Mr Gruebel told shareholders the outlook remains cautious
Switzerland's biggest bank, UBS, has said it will seek to cut costs by shedding 8,700 jobs by next year.
The news came as the bank announced it had lost about 2bn Swiss francs ($1.75bn; £1.2bn) in the first three months of 2009.
UBS has been one of the biggest banks hit by exposure to the sub-prime loans crisis in the US and ensuing turmoil.
"Unfortunately I am not able, as yet, to offer you any good news," said chief executive Oswald Gruebel.
Later on Wednesday, the Swiss President told the BBC that the former UBS management had taken too many risks, but that he was confident the new team would restore the bank's reputation as the backbone of Swiss financing.
UBS has recently replaced both its chairman and chief executive.
Mr Gruebel painted a bleak picture of the short-term outlook for the bank to the assembled shareholders.
"I am forced to present you with another round of unsatisfactory performance figures and to announce further drastic measures," he told nearly 5,000 UBS investors attending the bank's annual shareholder meeting.
"Our outlook remains cautious and we face many uncertainties. We have to prepare ourselves for this, even though we are entitled to be very optimistic about the longer-term prospects for our bank," he said.

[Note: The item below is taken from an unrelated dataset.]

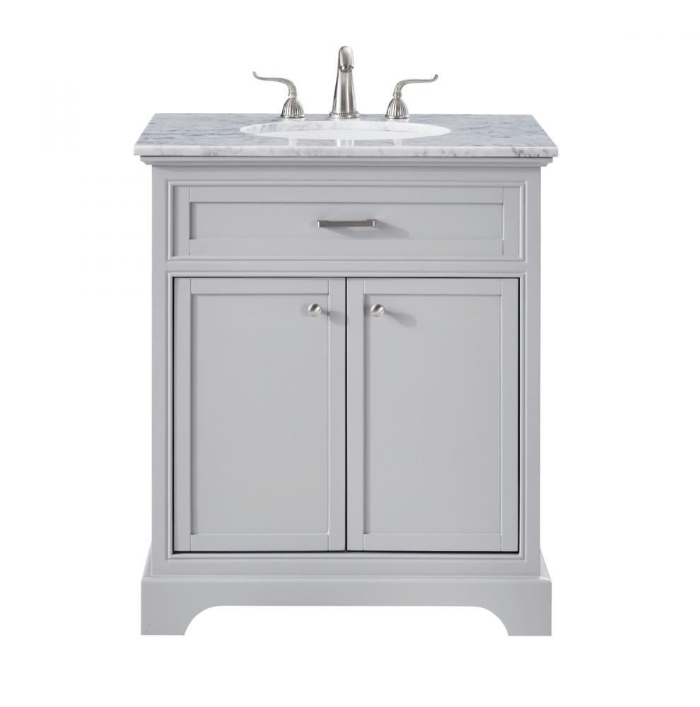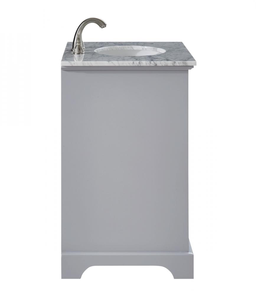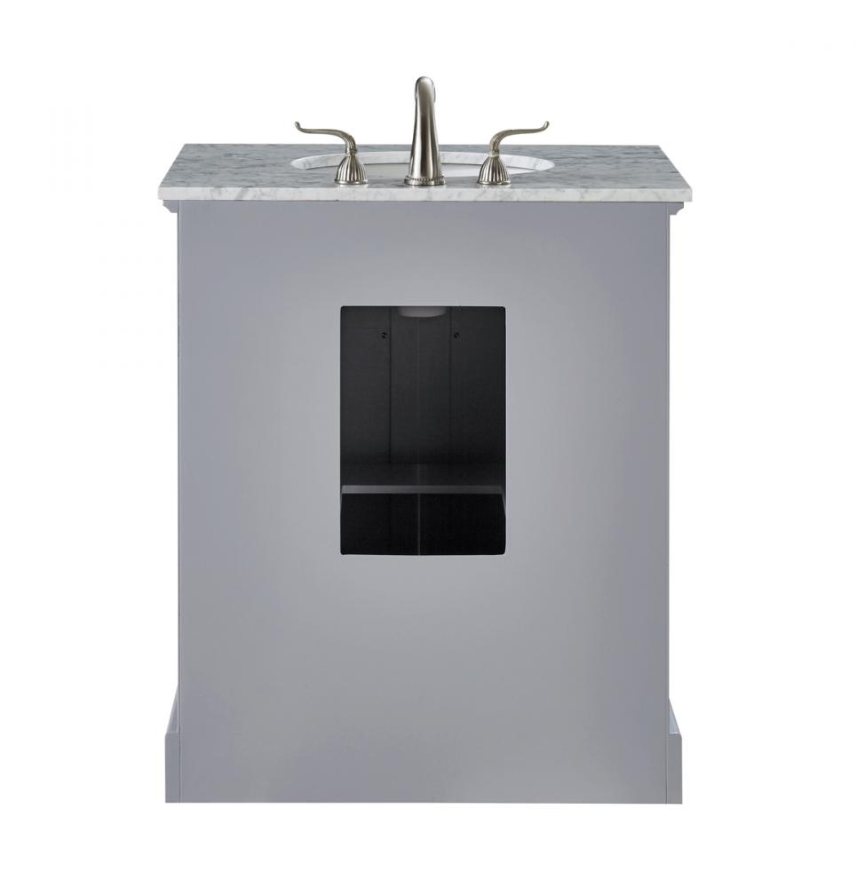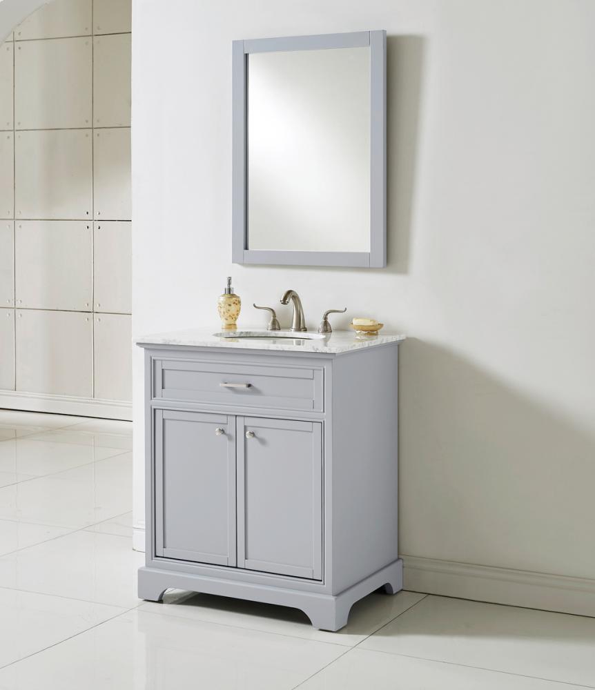 From its Italian Carrara white marble top to its contemporary-styled hand painted soft grey cabinet, this member of our “Americana” vanity collection is sure to enhance either your home or office bathroom. Beneath its lustrous, natural marble top and an oval, white porcelain under mount sink, a handsome 2-door cabinet with a Single shelf for all your bathroom essentials, highlighted with recessed panel doors, brushed steel bar handle and knobs, stands on strong solid pedestal feet. A wonderful balance of simplicity and practical function! Measurements: W30”xD21.5”xH35”

The bank, which is also being investigated by the US authorities over alleged fraud and tax evasion involving US citizens, said major job cuts were unfortunately unavoidable.

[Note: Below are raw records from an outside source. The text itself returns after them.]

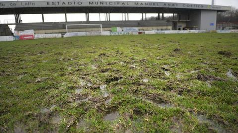 El concejal de Deportes de Lalín, José Antonio Varela, aseguró ayer que desde el Concello «estase traballando para poñer fin ao problema» y asegura que al ser césped natural y el mal tiempo de las últimas semanas, con copiosas lluvias e incluso nieve, el terreno de juego acaba resintiéndose. «Estamos buscando solución, non arreglos só para a fin de semana», manifestó.
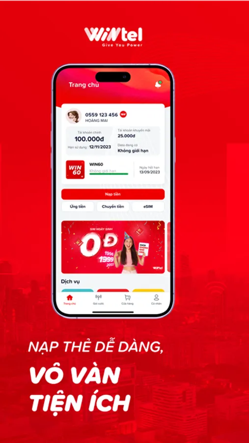 Ứng dụng quản lý tài khoản viễn thông cá nhân của Mạng di động Wintel. Quý khách dễ dàng thao tác với các tính năng tiện lợi: Chọn số - mua SIM; kích hoạt SIM, đăng ký thông tin; Đăng ký/Hủy gói cước, dịch vụ; Nạp tiền; Quản lý lịch sử tiêu dùng…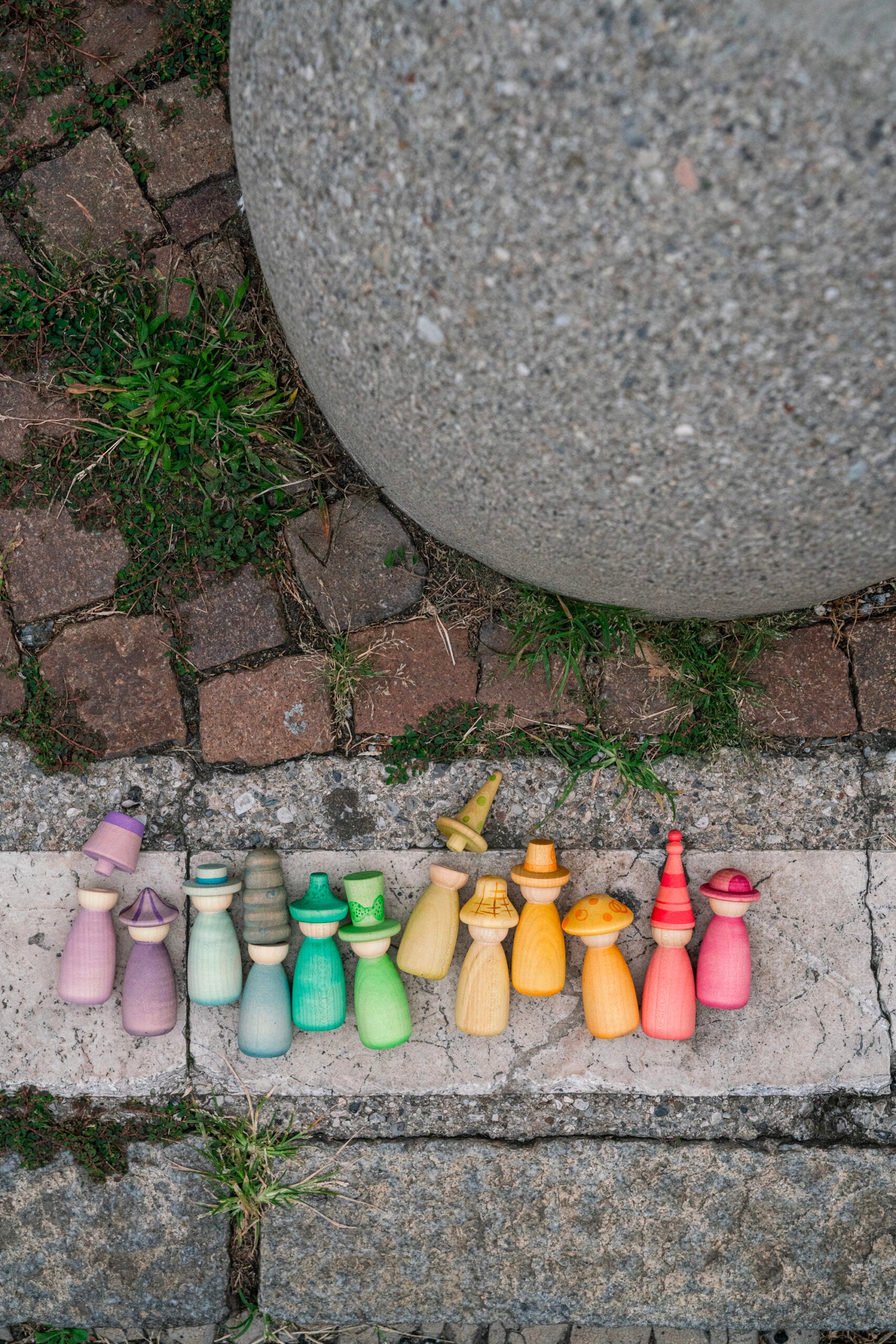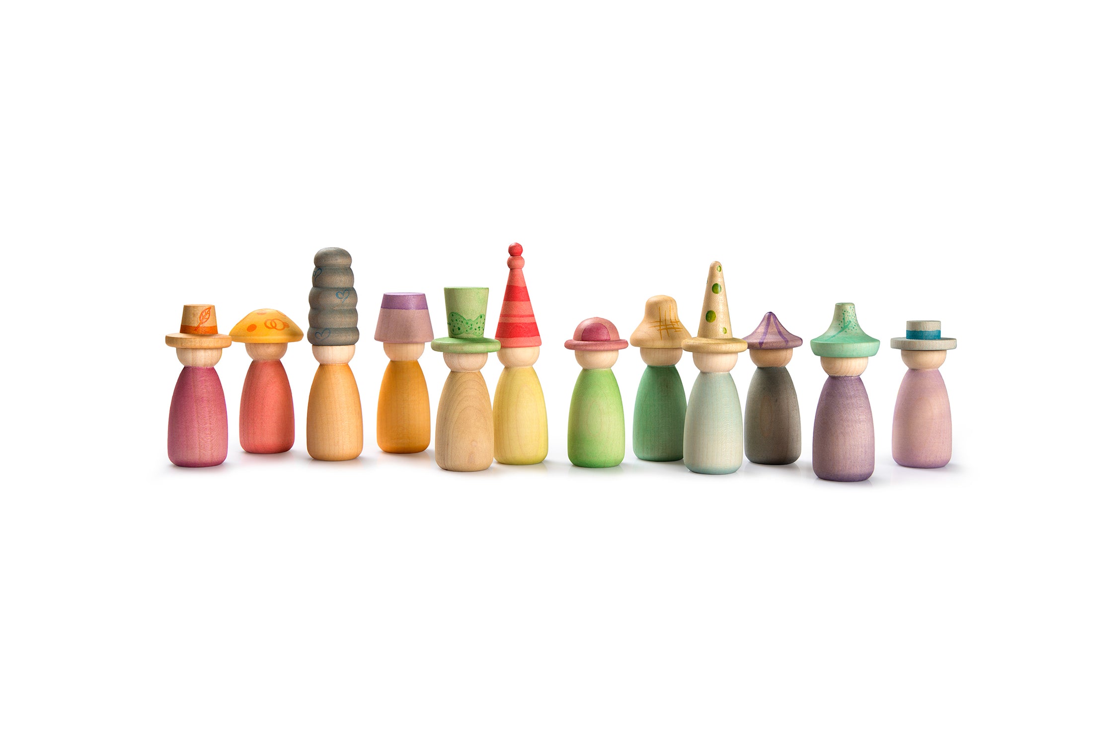 Contains 12 Nins in soft rainbow tones ⁄ 65mm height ⁄ different final heights including the hats.

The bank, which employed 76,200 people at the end of March, expects to reduce the number of its employees to about 67,500 in 2010.
The bank is hoping to make savings of 4bn Swiss francs and said the job cuts were "unfortunately unavoidable".
UBS said it would shed 2,500 jobs in Switzerland and thousands in the US, but did not say how many may be lost in the UK, where it employs 7,000 people.
The job cuts come on top of thousands previously announced and mean UBS will have reduced its staff levels by more than 16,000 jobs, or have shed almost one-fifth from its workforce of 83,800 of a year ago.
UBS also said that it had seen 7bn Swiss francs of business customers' money leave the bank during the first quarter.
Shareholders will vote later at their meeting on the appointment of former Swiss Finance Minister Kaspar Villiger to replace Peter Kurer as chairman after just one year in the job.
The world financial downturn has already forced UBS to make about $50bn in write-downs and to announce 11,000 job cuts since the middle of 2007.
In late 2008, it transferred billions in toxic debts to a fund owned by the Swiss National Bank to take them off its balance sheet.
Meanwhile, the bank remains embroiled in talks with the US authorities over tax issues.
In February, UBS agreed to pay $780m (£525m) to the US government to settle allegations that it had defrauded US tax authorities.